→ **Problem to work on**
Output the run of lines that opens with the first line of the material below and closes with the line containing "這是5月18日在蘭州市城關(guān)區", both included, and drop the pictures.

→ **Dataset content**
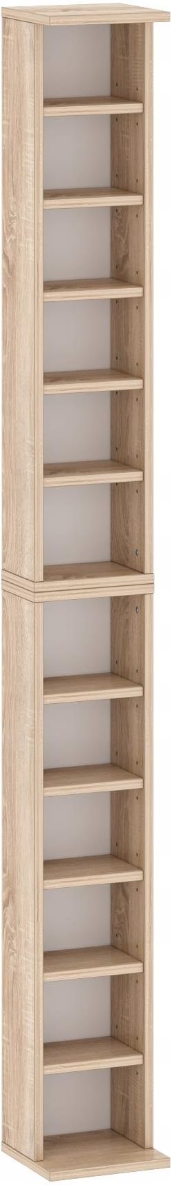 Regał na płyty CD/DVD regulowane półki dąb sonoma PODSTAWOWE PARAMETRY Kolekcja: CD regały Kolor mebla: dąb sonoma Materiał: płyta laminowana Wysokość mebla: 183.6 cm Głębokość mebla: 20 cm Szerokość mebla: 21 cm Liczba półek: więcej niż 6 Montaż: meble do samodzielnego montażu Wykończenie: mat …
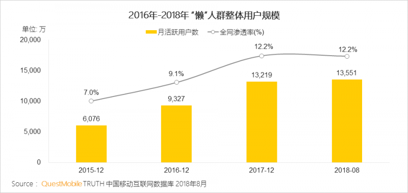 2、“懒”人群整体用户规模破亿,呈稳定增长趋势
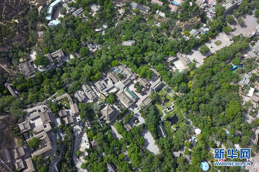 這是5月18日在蘭州市城關(guān)區(qū)拍攝的皋蘭山下五泉山公園初夏景象(無人機(jī)照片)。
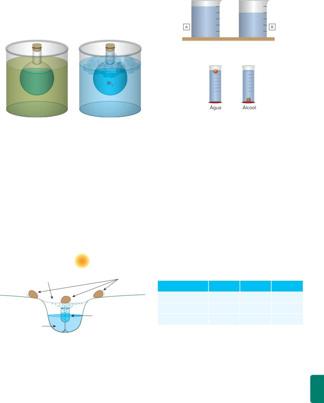 F R E N T E 2 175 3 Fuvest Ácido acético e bromo, sob pressão de 1 atm, estão em recipientes imersos em banhos, como mos- trado na figura adiante. Nessas condições, qual é o estado físico preponderante de cada uma dessas substâncias? CH 3 COOH óleo a 150°C água líquida em equilíbrio com gelo Dados: O ácido acético apresenta temperatura de fu- são igual a 17 oC e temperatura de ebulição a 1 atm igual a 118 oC. O bromo apresenta temperatura de fu- são igual a -7 oC e temperatura de ebulição a 1 atm igual a 59 oC. A Ácido acético sólido e bromo líquido. B Ácido acético líquido e bromo gasoso. C Ácido acético gasoso e bromo sólido. Ácido acético sólido e bromo gasoso. E Ácido acético gasoso e bromo líquido. 4 Unicamp A figura adiante mostra o esquema de um processo usado para a obtenção de água potável a partir de água salobra (que contém alta concentração de sais). Este “aparelho” improvisado é usado em re- giões desérticas da Austrália. solo água salobra água potável Pedras Plástico transparente Sol a) Que mudanças de estado ocorrem com a água, dentro do “aparelho”? b) Onde, dentro do “aparelho”, ocorrem estas mu- danças? c) Qual destas mudanças absorve energia e de onde esta energia provém? 5 Qual é a diferença entre vapor e gás? 6 Unicamp (Adapt.) Dois frascos idênticos estão esque- matizados a seguir. Um deles contém uma certa massa de água (H2O) e o outro, a mesma massa de álcool (CH3CH2OH). Dado: Usando-se uma bolinha de densidade adequa- da fez-se o experimento a seguir. Qual das substâncias está no frasco A e qual está no frasco B? Justique. 7 Enem Libras 2017 Alguns fenômenos observados no cotidiano estão relacionados com as mudanças ocorridas no estado físico da matéria. Por exemplo, no sistema constituído por água em um recipiente de barro, a água mantém-se fresca mesmo em dias quentes. A explicação para o fenômeno descrito é que, nas proximidades da superfície do recipiente a A condensação do líquido libera energia para o meio. B sublimação do sólido retira energia do sistema. C evaporação do líquido retira energia do sistema. solidificação do líquido libera energia para o meio. E fusão do sólido retira energia do sistema. 8 UFRGS 2019 A água é uma das raras substâncias que se pode encontrar, na natureza, em três estados de agre- gação. O quadro abaixo mostra algumas características dos diferentes estados de agregação da matéria. Propriedade Sólido Líquido Gasoso Fluidez Não fluido Fluido I Mobilidade molecular Quase nula II Grande Forças de interação Fortes III Fracas Assinale a alternativa que preenche corretamente as lacunas do quadro acima, indicadas com I, II e III, res- pectivamente. A Não fluido – Pequena – Moderadamente fortes B Não fluido – Grande – Fracas C Fluido – Pequena – Moderadamente fortes Fluido – Grande – Fracas E Fluido – Quase nula – Muito fortes 9 EsPCEx 2018 “Sempre que uma substância muda de fase de agregação, a temperatura permanece constante enquanto a mudança se processa, desde que a pressão permaneça constante”. FONSECA Martha Reis Marques da, Química Geral, São Paulo: Ed FTD, 2007, pág 41. QUÍMICA Capítulo 1 Estados físicos e suas mudanças176 O gráco a seguir representa a mudança de fase de agregação de uma substância pura com o passar do tempo, em função da variação de temperatura, obser- vada ao se aquecer uma substância X durante algum tempo, sob pressão constante. Tomando-se como base o gráco, analise as seguin- tes armativas: I. entre 0 °C e 19 °C, a substância X encontra-se na fase sólida; II. o intervalo de 2,0 min a 4,0 min corresponde à condensação da substância X; III. a temperatura de 60 °C corresponde à temperatu- ra de ebulição da substância X; IV. no intervalo de 40 °C a 50 °C, a substância X en- contra-se na fase líquida. Estão corretas apenas as armativas A I e II. b II e IV. C I, II e III. d II, III e IV. e I, III e IV. 10 Cefet-MG 2018 Um estudante recebeu uma amostra de água pura, sob pressão de 1 atm, inicialmente à 50 °C. A amostra foi submetida ao resfriamento até alcançar 0 °C, permanecendo por alguns minutos, nessa temperatura. Posteriormente, foi aquecida e mantida a 100 °C. Consi- derando-se que as temperaturas de fusão e ebulição da água pura, a 1 atm, são, respectivamente, 0 e 100 °C, o gráfico da temperatura em função do tempo que esboça essa transformação é 11 UFG Considere as seguintes propriedades de 3 subs- tâncias. Substância A: quando colocada dentro de um reci- piente, move-se sempre para o fundo. Substância B: quando colocada dentro de um reci- piente, espalha-se por todo o espaço disponível. Substância C: quando colocada dentro de um reci- piente, move-se sempre para o fundo, espalhando-se e cobrindo-o. Os estados físicos das substâncias A, B e C são, res- pectivamente: A líquido, sólido e gasoso. b gasoso, sólido e líquido. C sólido, gasoso e líquido. d sólido, líquido e gasoso. e gasoso, líquido e sólido. 12 UEPG 2019 Com base na densidade (g/cm³ a 25 °C) das substâncias e materiais apresentados abaixo, as- sinale o que for correto. Substância Densidade Substância Densidade Água 1,00 Mercúrio 13,5 Azeite 0,92 Ouro 19,3 gasolina 0,70 Quartzo 2,65 01 A água flutua sobre a gasolina. 02 O ouro afunda no mercúrio. 04 O quartzo flutua sobre o mercúrio. 08 O azeite flutua sobre a gasolina. Soma: 13 UFF São dadas as soluções: – argônio dissolvido em nitrogênio; – dióxido de carbono dissolvido em água; – etanol dissolvido em acetona; – mercúrio dissolvido em ouro. Estas soluções, à temperatura ambiente, são clas- sicadas de acordo com seu estado físico em, respectivamente: A líquida, líquida, gasosa, líquida. b gasosa, gasosa, líquida, sólida. C líquida, gasosa, líquida, líquida. d gasosa, líquida, líquida, sólida. e líquida, gasosa, líquida, só

→ **Written reply**
 Regał na płyty CD/DVD regulowane półki dąb sonoma PODSTAWOWE PARAMETRY Kolekcja: CD regały Kolor mebla: dąb sonoma Materiał: płyta laminowana Wysokość mebla: 183.6 cm Głębokość mebla: 20 cm Szerokość mebla: 21 cm Liczba półek: więcej niż 6 Montaż: meble do samodzielnego montażu Wykończenie: mat …
 2、“懒”人群整体用户规模破亿,呈稳定增长趋势
 這是5月18日在蘭州市城關(guān)區(qū)拍攝的皋蘭山下五泉山公園初夏景象(無人機(jī)照片)。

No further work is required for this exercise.